Other drivers in the shortfall include cost-saving initiatives that have not and probably won’t come to fruition.
“It’s pretty clear that a portion of this problem is due to overly optimistic predictions,” Katz said. Lawmakers, spurning Gov. Paul LePage’s proposal earlier this year to eliminate coverage for childless adults, instead banked on a forecast that those recipients would cyle out of the program. The attrition savings were estimated at $11 million. Mayhew said vitrually no savings have been realized.
Another $5 million in savings was booked through the MaineCare redesign task force that was designed to find program efficiencies. Mayhew said the task force was able to uncover only $1 million.
Mayhew also has blamed the shortfall on the state’s inability to recover from the loss of one-time federal stimulus funding and a decreased federal match rate.
Skeptics note that those factors were known well in advance and should have been calculated into the budget. The criticism feeds into a larger sentiment that DHHS, in this administration and the ones before it, has based its budgets on unreliable data and assumptions.
“I have never felt good about the numbers that we have,” Hill said. “All the numbers and the forecasting are so mercurial.”
Katz suggested that some of the problems may originate in a DHHS computer system that has plagued the state for years.
“It’s certainly had a tortured history,” he said. “I’ve said that we don’t need an (information technology) person there; we need an exorcist, because it continues to be a huge problem.”
Nonetheless, the shortfall’s largest driver is not yet clear.
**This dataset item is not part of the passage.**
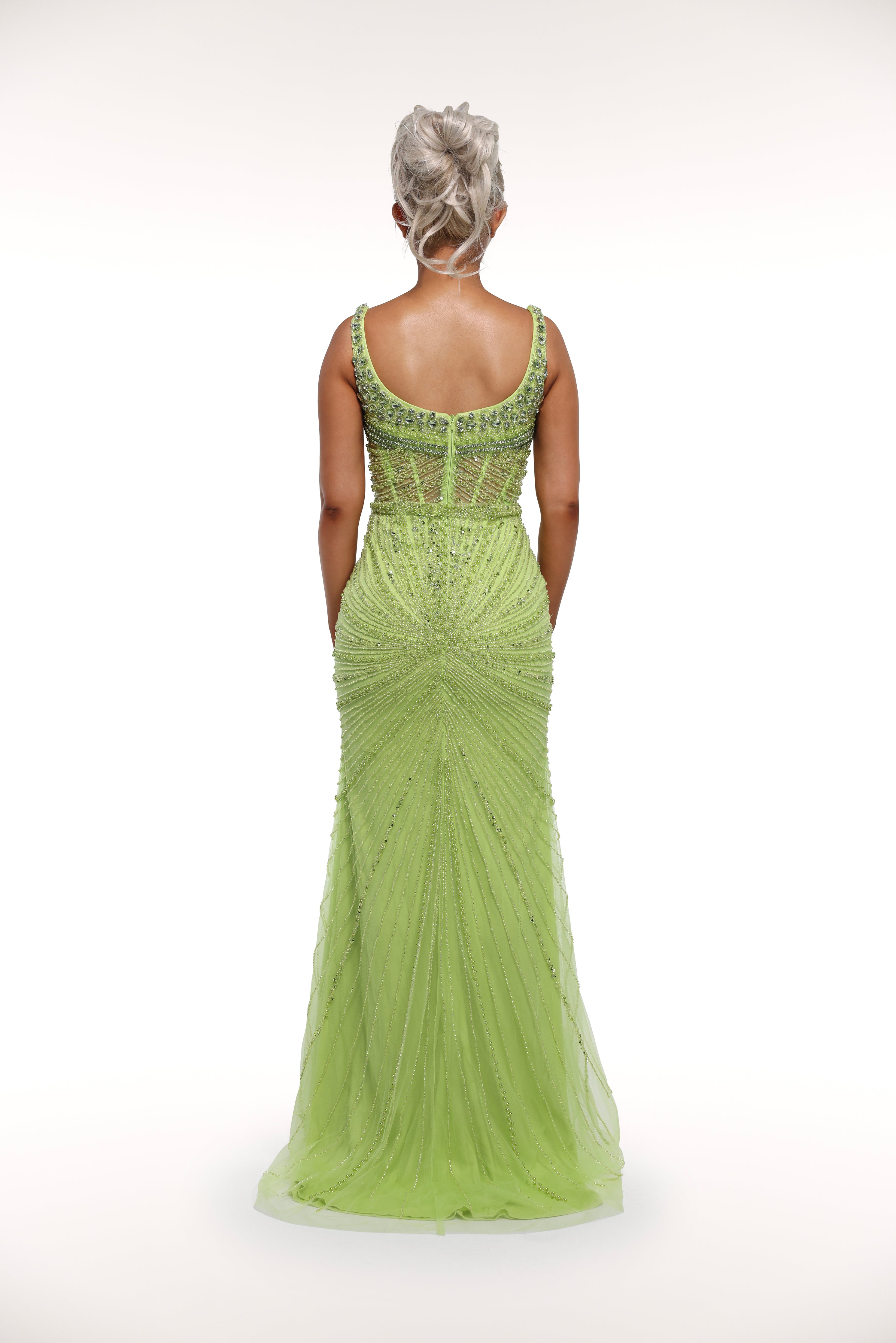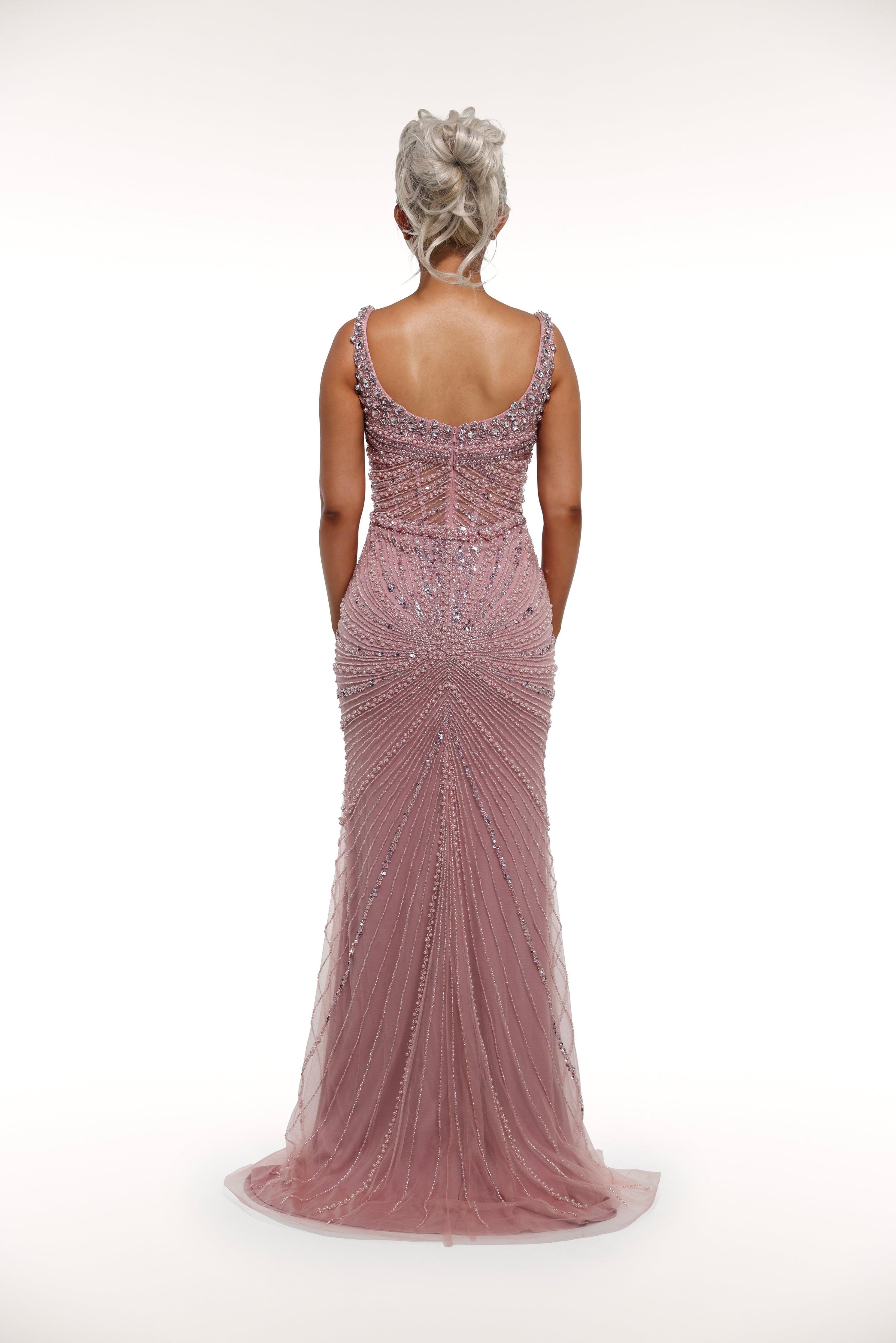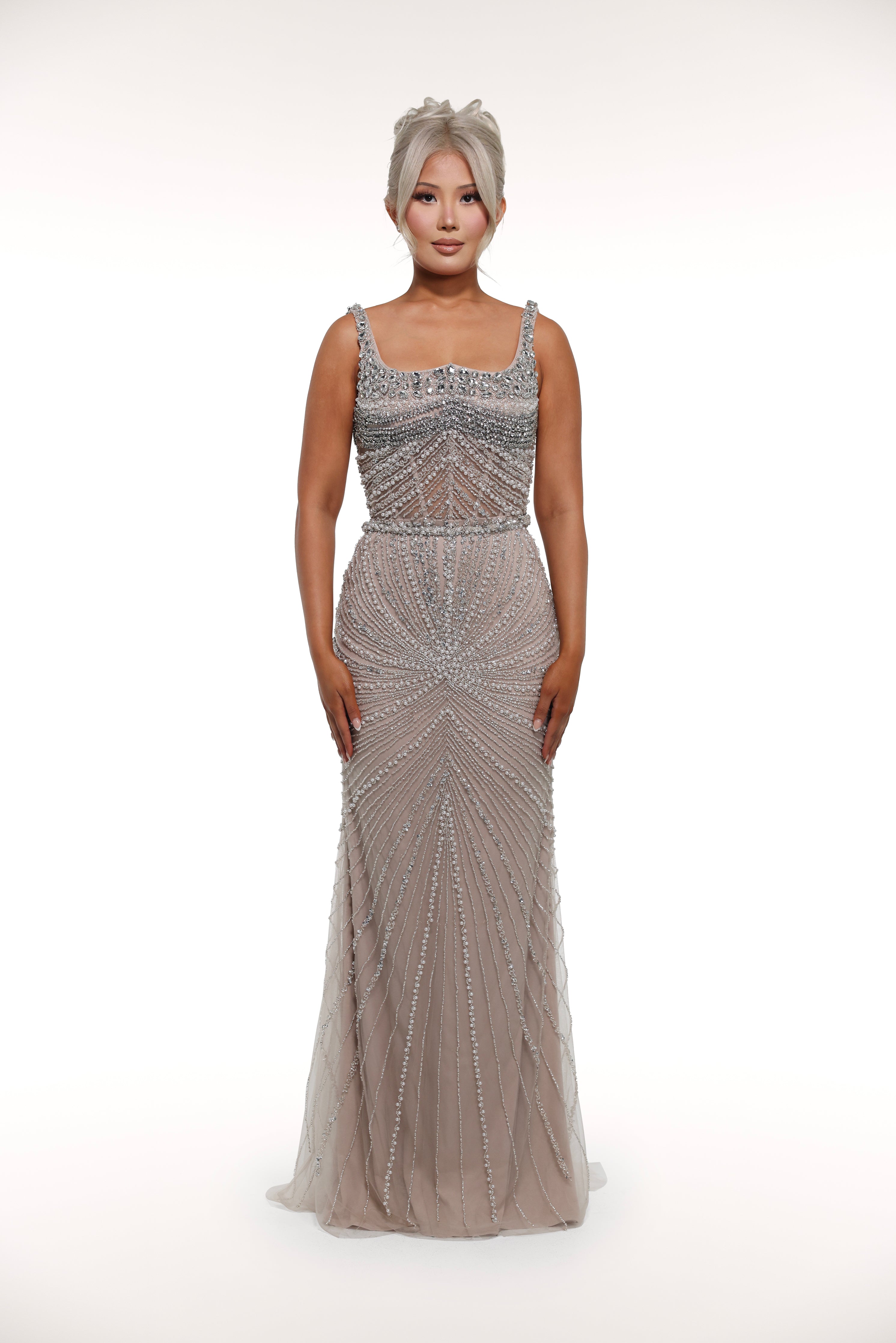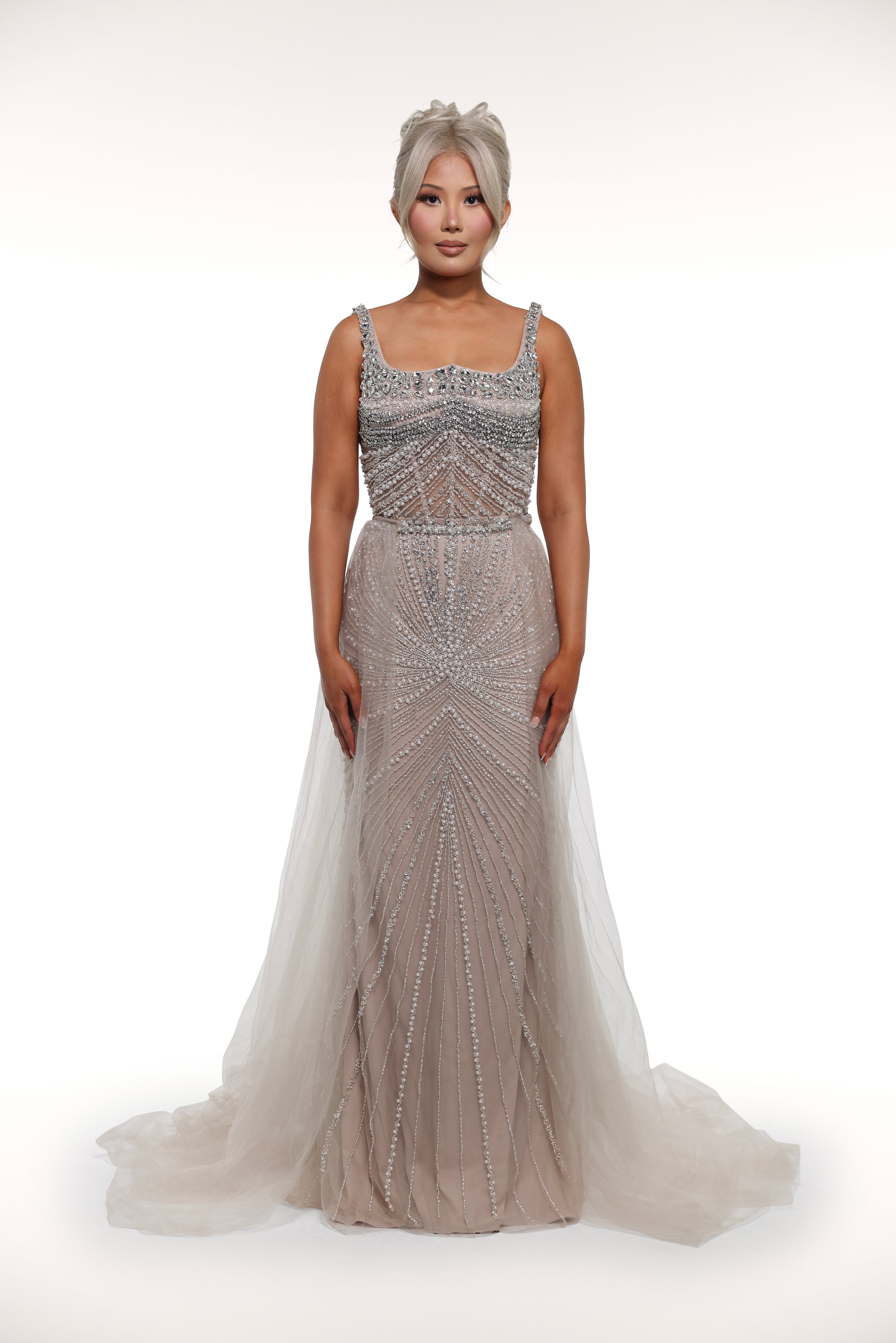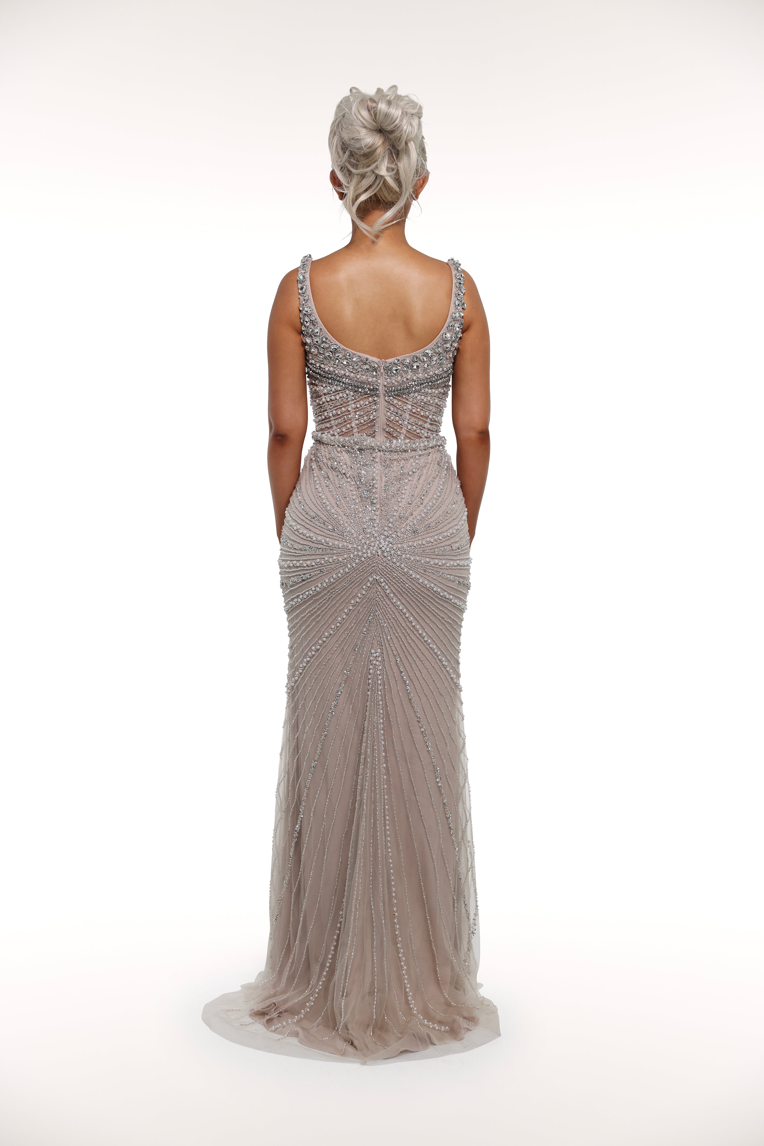 This 'Kiara' gown is a true show-stopper with its intricate embellishments throughout, mesh corset bust design, and sparkling silver crystals, adding the perfect touch of glamour. Perfect for a special occasion or formal event, this dress exudes elegance and sophistication.

Mayhew thinks it’ll ultimately end up being a combination of unachieved savings initiatives and “an inability of the state to recover from the loss of federal dollars.”
Mayhew also emphasized that the current state’s new billing system made it so the state was seeing its debt “in real time.” Before this year, the state reimbursed hospitals based on prospective Medicaid claims. Hospitals then sent another bill to the state when the claims exceeded the original payment. However, the hospital bills didn’t always line up with the state’s budget process, meaning that hospitals would sometimes have to wait up to two years to receive payment.
The new state billing system now pays Medicaid claims every week.
Documents provided by shows that DHHS has been an average of $2.5 million over budget every week since July 1.
So why is DHHS just now delivering the bad news?
Mayhew said her agency had been waiting to see whether the effects of phased budget initiatives would offset the overages. She said it was impossible to build an accurate shortfall forecast based on weekly or monthly cycle payments.
Nonetheless, more questions remain for Mayhew and a Medicaid shortfall that will test the new Legislature.
“We have a lot of questions and a lot of concerns,” Hill said. “It’s frustrating for the public and for legislators, but you can’t come up with solutions without first nailing down the problem.”